*Exercise aim:* Please reproduce the entries below exactly, omitting any images they contain.

═════ Data to process

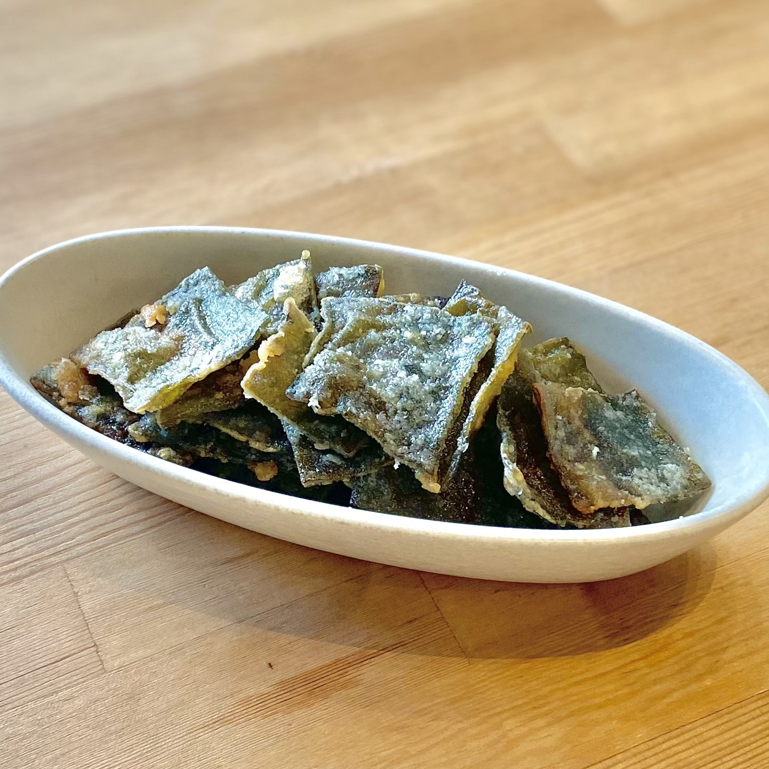 出汁に使った後の昆布をニンニクたまり醤油に漬けて、小麦粉で揚げたオヤツを、シェフが作ってくれました😋
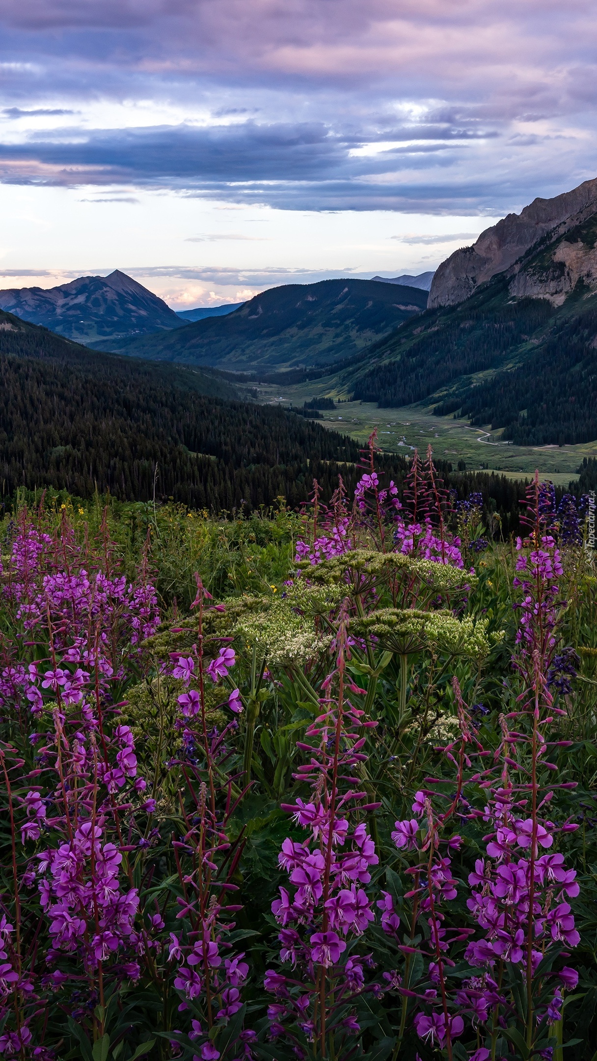 Edytor tapety: Widok z okwieconej łąki na góry
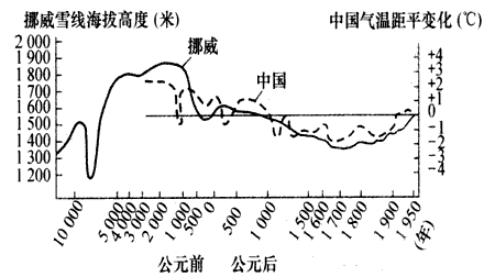 3、综合题 读“10000年来挪威雪线高度和近5000年来中国气温距平变化图”,回答下列问题。
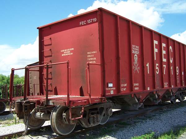 May 23, 2006 The following photographs depict the 43' Ortner 3-Bay Hopper Car, a somewhat "signature" car for the Florida East Coast (FEC) Railway taken by Harlan Hanna [FECNRHS Chapter Recording Secretary and Newsletter Editor (Interim)] |
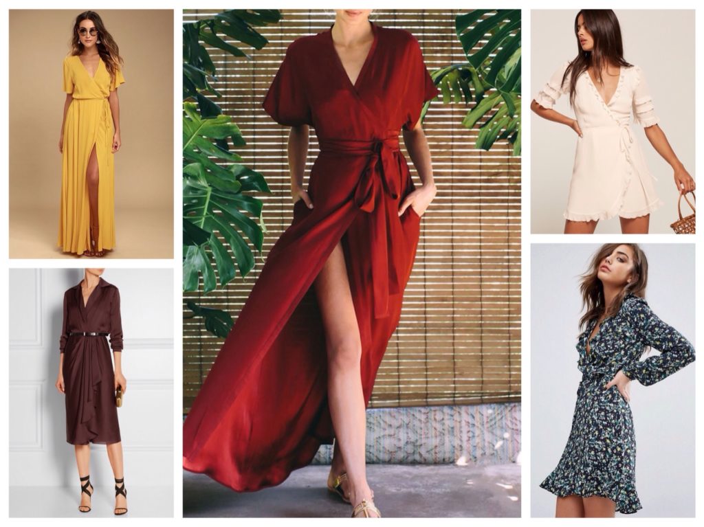 Платье с запахом идеально подчеркивает линию талии с помощью пояса или броши, которые закрепляют тот самый запах. А косые линии, создающие запах, зрительно вытягивают силуэт.
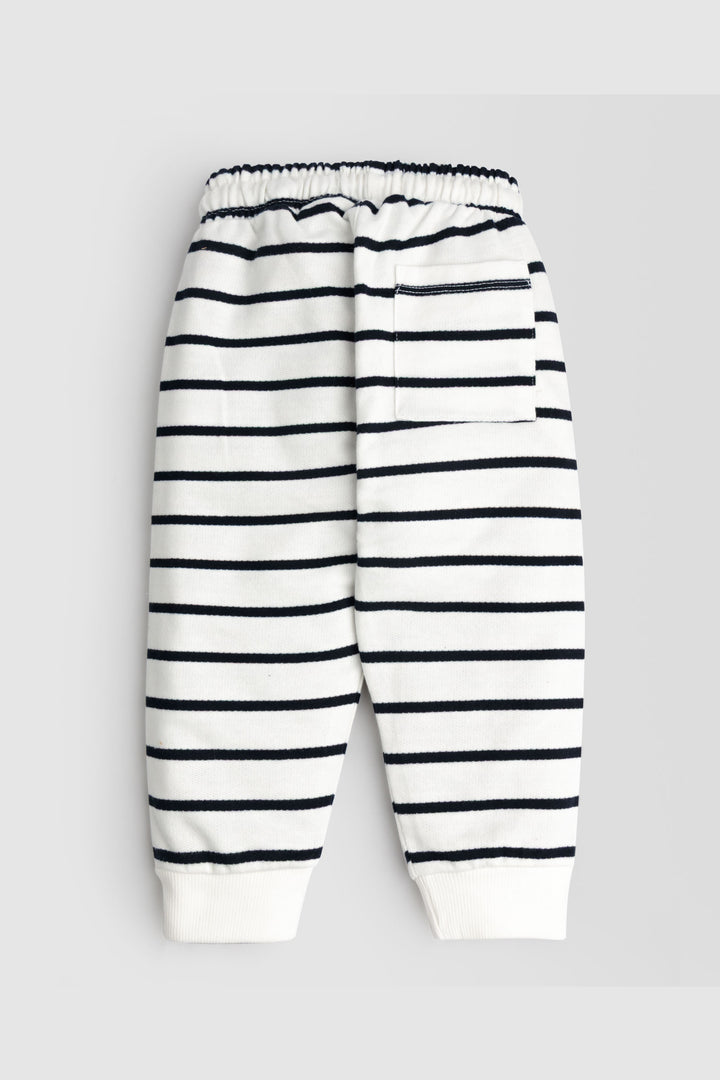 Stylish and comfy boysβ jogger trouser with navy stripes, contrast side piping, and adjustable drawstring for a perfect fit. Ideal for everyday wear.
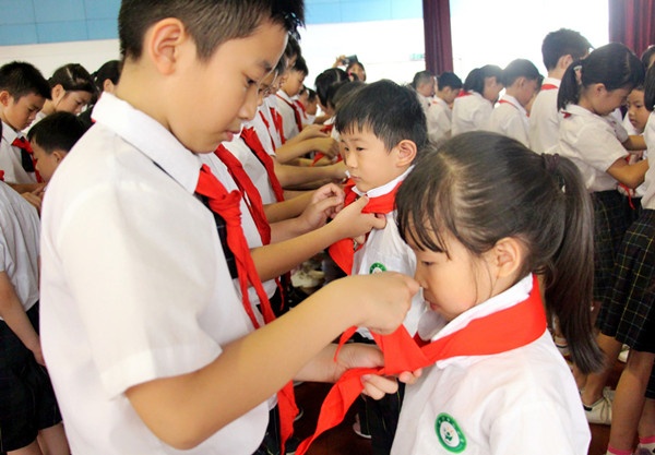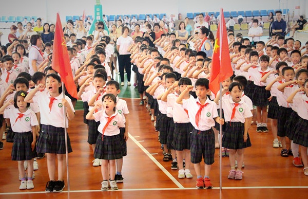 红领巾,是队员们胸前最活泼最亮丽的色彩;少先队,是队员们最温馨的精神家园和健康成长的摇篮。为引导队员们继承和弘扬少先队的光荣传统,增强少先队员的光荣感、自豪感,2019年5月22日下午,阜沙中心小学举行少先队大队新队员入队仪式,200多名新队员参加本次活动,100多位家长应邀出席,见证孩子的成长。
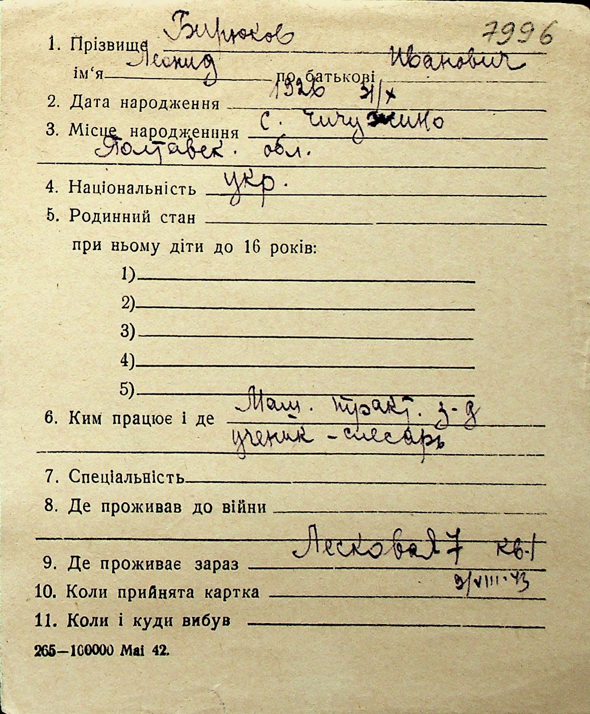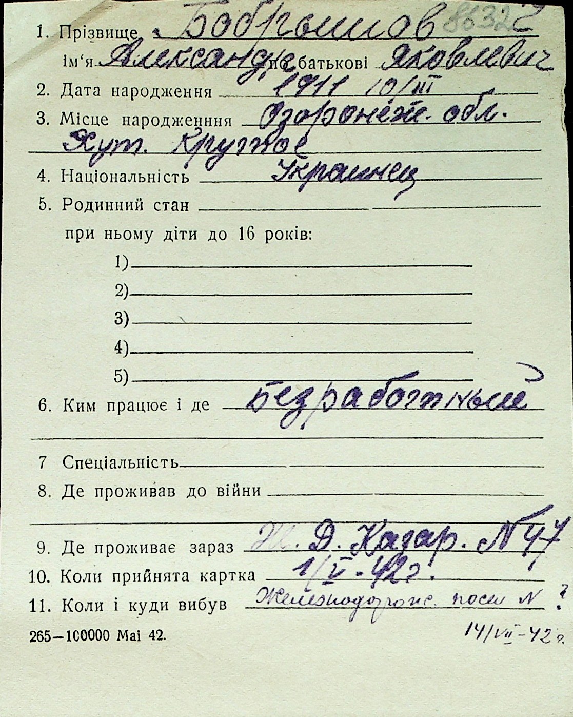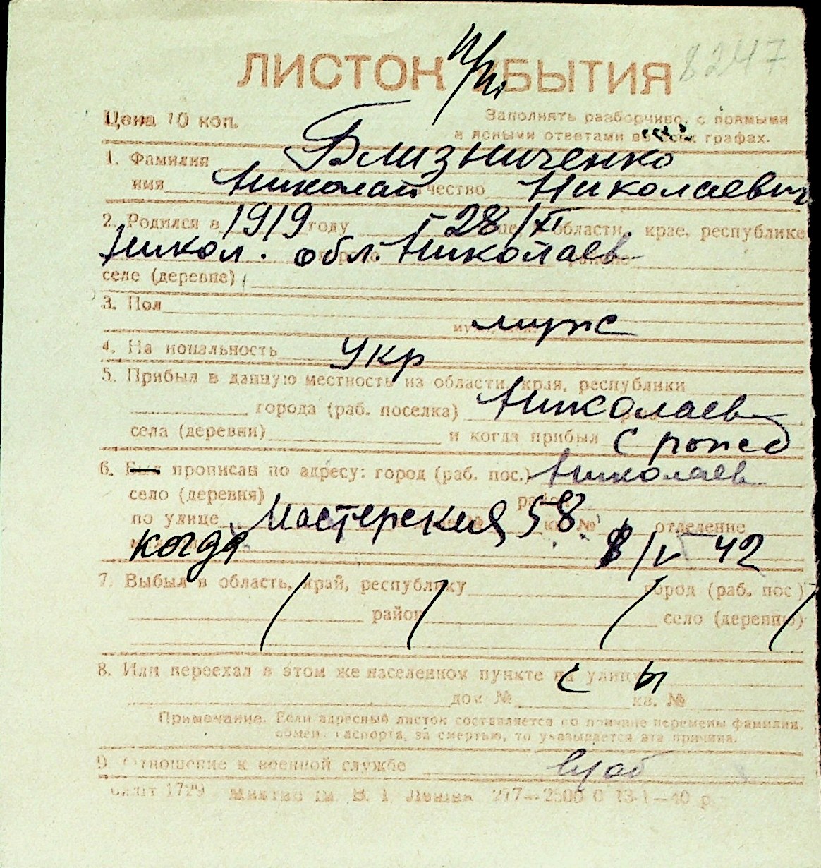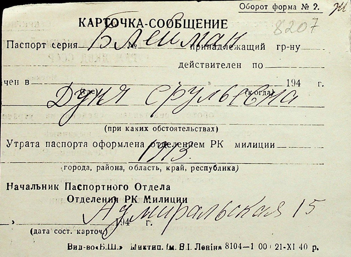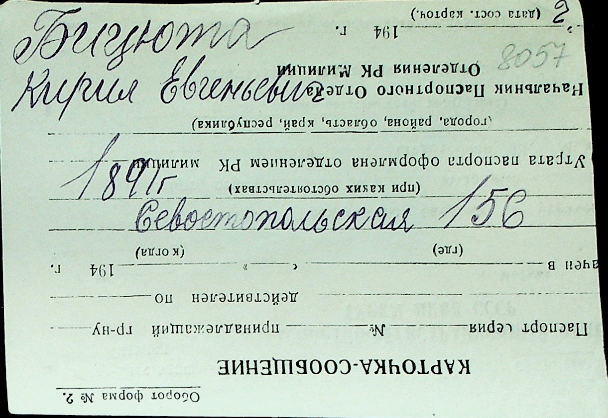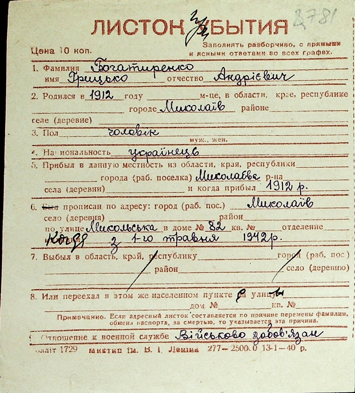 ◦ ◦ Перелік карток на осіб, які мешкали у м. Миколаїв у період окупації 1941–1944 років
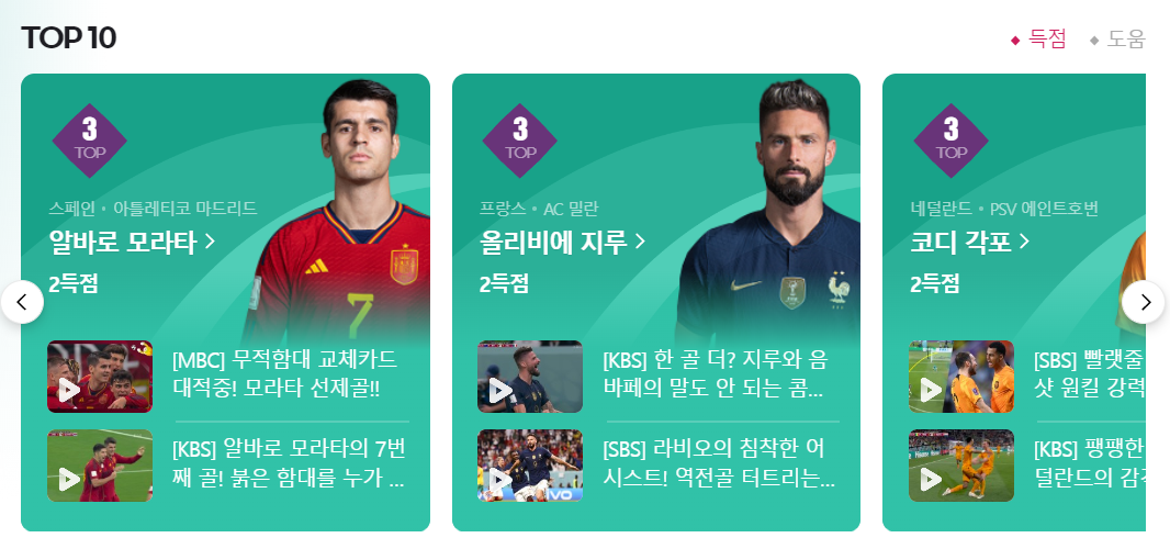 현재 진행된 경기 까지 득정왕이 누구인지 궁금하시죠? 현재까진 3득점을 한 에네르 발렌시아와 킬리안 음바페가 공동 1위입니다.
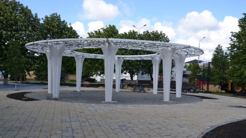 В настоящее время рабочие устраивают пешеходные дорожки, устанавливают объекты уличного освещения и малые архитектурные формы, производят озеленение территории.
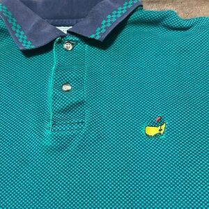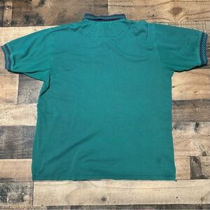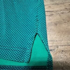 Excellent condition! Vintage from 1990s. Green & navy blue patterned shirt with embroidered chest logo. Side area has been professionally repaired, shown in photo, unnoticeable unless looking up close.

══════════

*Finished task:*
 出汁に使った後の昆布をニンニクたまり醤油に漬けて、小麦粉で揚げたオヤツを、シェフが作ってくれました😋
 Edytor tapety: Widok z okwieconej łąki na góry
 3、综合题 读“10000年来挪威雪线高度和近5000年来中国气温距平变化图”,回答下列问题。
 May 23, 2006 The following photographs depict the 43' Ortner 3-Bay Hopper Car, a somewhat "signature" car for the Florida East Coast (FEC) Railway taken by Harlan Hanna [FECNRHS Chapter Recording Secretary and Newsletter Editor (Interim)] |
 Платье с запахом идеально подчеркивает линию талии с помощью пояса или броши, которые закрепляют тот самый запах. А косые линии, создающие запах, зрительно вытягивают силуэт.
 Stylish and comfy boysβ jogger trouser with navy stripes, contrast side piping, and adjustable drawstring for a perfect fit. Ideal for everyday wear.
 红领巾,是队员们胸前最活泼最亮丽的色彩;少先队,是队员们最温馨的精神家园和健康成长的摇篮。为引导队员们继承和弘扬少先队的光荣传统,增强少先队员的光荣感、自豪感,2019年5月22日下午,阜沙中心小学举行少先队大队新队员入队仪式,200多名新队员参加本次活动,100多位家长应邀出席,见证孩子的成长。
 ◦ ◦ Перелік карток на осіб, які мешкали у м. Миколаїв у період окупації 1941–1944 років
 현재 진행된 경기 까지 득정왕이 누구인지 궁금하시죠? 현재까진 3득점을 한 에네르 발렌시아와 킬리안 음바페가 공동 1위입니다.
 В настоящее время рабочие устраивают пешеходные дорожки, устанавливают объекты уличного освещения и малые архитектурные формы, производят озеленение территории.
 Excellent condition! Vintage from 1990s. Green & navy blue patterned shirt with embroidered chest logo. Side area has been professionally repaired, shown in photo, unnoticeable unless looking up close.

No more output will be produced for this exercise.